**ABOUT THIS TASK**
In the answer, give the entries below exactly, from the first line through the line with "Luxury two double", with every picture omitted.

**GIVEN DATA**

....

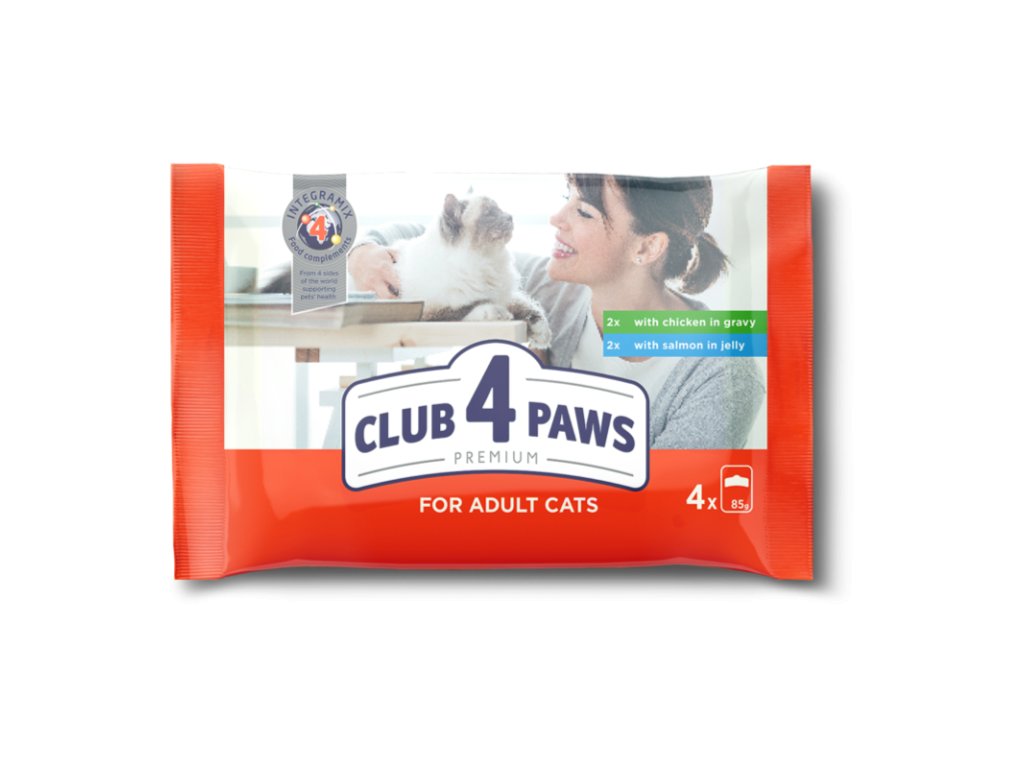 CLUB 4 PAWS Premium SET Pre dospelé mačky S kuracím mäsom v omáčke, S lososom v želé 4x80g (9060)
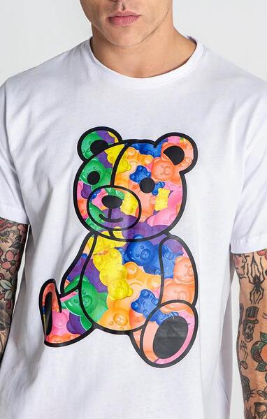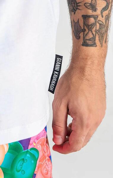 Camiseta Gianni Kavanagh Gummy Regular Fit Blanca Confeccionada en Puro Algodón con Estampado Frontal. Cuello Redondo. Manga Corta. Bajo Recto. Etiqueta de Gianni Kavanagh Cosido en el Bajo Lateral Izquierdo. La Talla del Modelo es M (Alto en cm: 178 cm; Peso en Kg: 75 kg). Sé el más Guay del Lugar. Agarra esta Camiseta y Haz que este Momento Dure para Siempre.
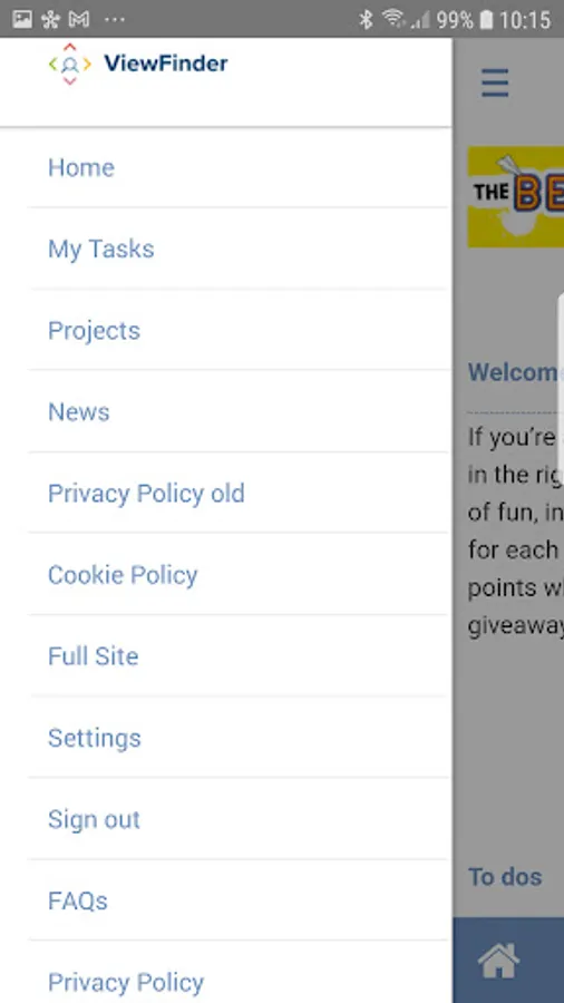 You can choose to receive push notifications to let you know it's time to take part in new tasks. Just sign in using the log in details you use to log into the View Finder site.
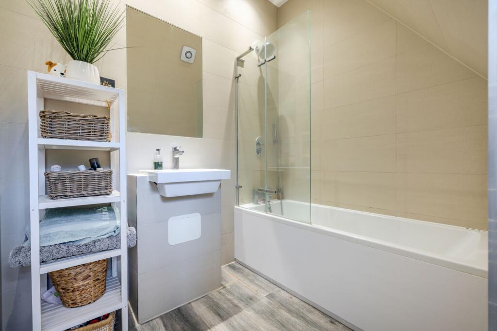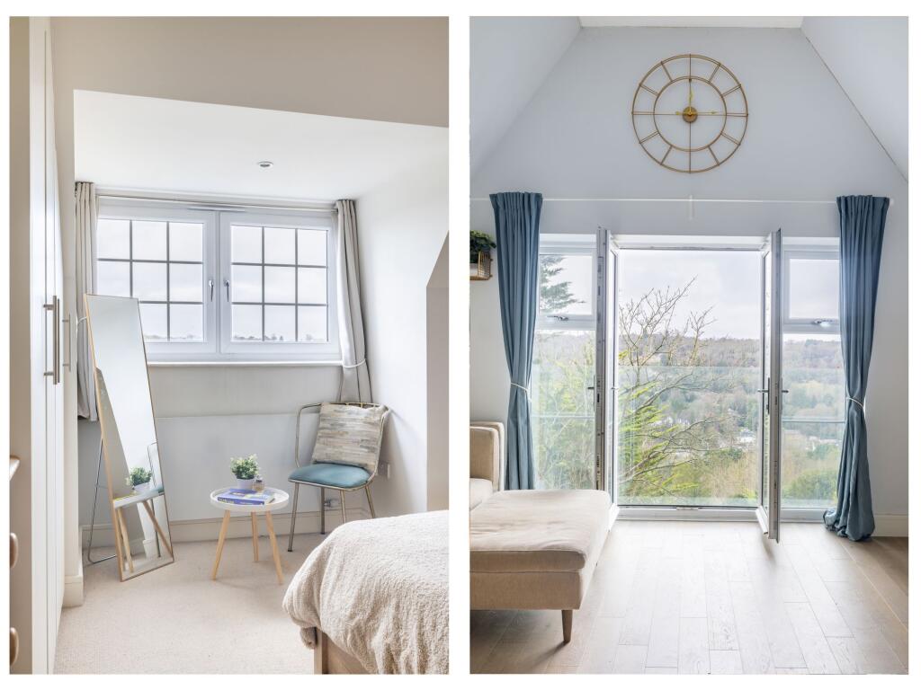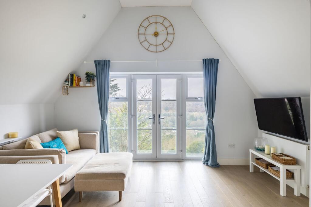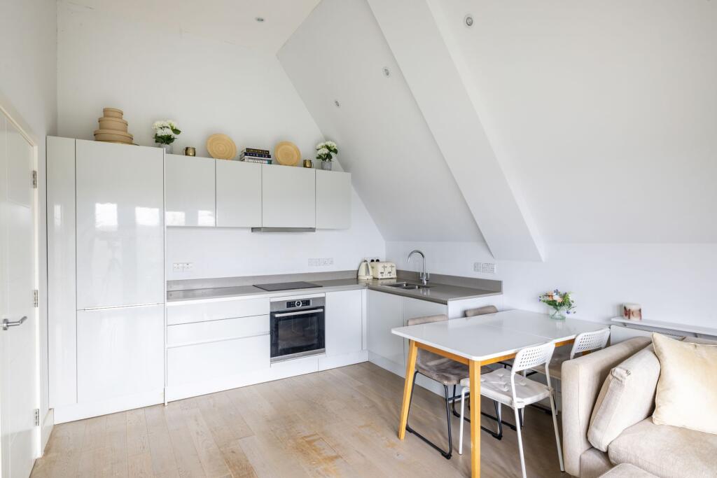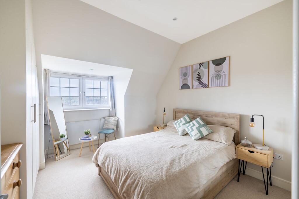Luxury two double bed maisonette in charming location. Modern design, open-plan living, Juliet balcony with views. Off-road parking, communal garden. Close to train station and village amenities.
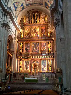 Retable du maître-autel de la Basilique de l'Escorial (es) (1583-1586), l'une des plus grandes entreprises artistiques du XVIe siècle[21], conçu par Juan de Herrera et dirigé par Pedro Castello (es), avec structure et garde de matériaux nobles de Jacometrezo (es), sculptures en bronze de Leon Leoni et Pompeo Leoni et peintures de Federico Zuccaro et Pellegrino Tibaldi (initialement, il était prévu de placer Le Martyre de Saint Laurent, de Titien, une Annonciation de Véronèse et une Nativité du Tintoret, qui ont été reléguées à d'autres endroits dans le Monastère, préférant conserver une unité de style). La voûte présente des fresques de Luca Cambiasso, et les côtés abritent les cénotaphes de la famille royale, œuvre des Leoni.
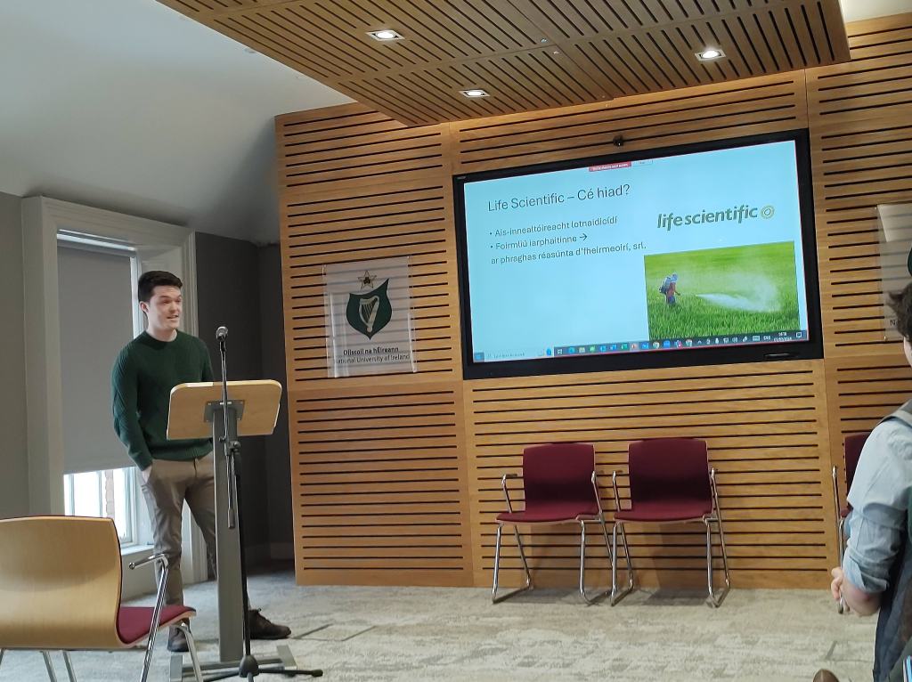 D’eagraigh Joe agus Cathal Kelly imeacht á phlé cúrsaí thaighde ceimice trí mheáin na Gaeilge. | Joe and Cathal Kelly organised an event discussing chemical research through the medium of the Irish language.

....

**TASK RESPONSE**
 CLUB 4 PAWS Premium SET Pre dospelé mačky S kuracím mäsom v omáčke, S lososom v želé 4x80g (9060)
 Camiseta Gianni Kavanagh Gummy Regular Fit Blanca Confeccionada en Puro Algodón con Estampado Frontal. Cuello Redondo. Manga Corta. Bajo Recto. Etiqueta de Gianni Kavanagh Cosido en el Bajo Lateral Izquierdo. La Talla del Modelo es M (Alto en cm: 178 cm; Peso en Kg: 75 kg). Sé el más Guay del Lugar. Agarra esta Camiseta y Haz que este Momento Dure para Siempre.
 You can choose to receive push notifications to let you know it's time to take part in new tasks. Just sign in using the log in details you use to log into the View Finder site.
Luxury two double bed maisonette in charming location. Modern design, open-plan living, Juliet balcony with views. Off-road parking, communal garden. Close to train station and village amenities.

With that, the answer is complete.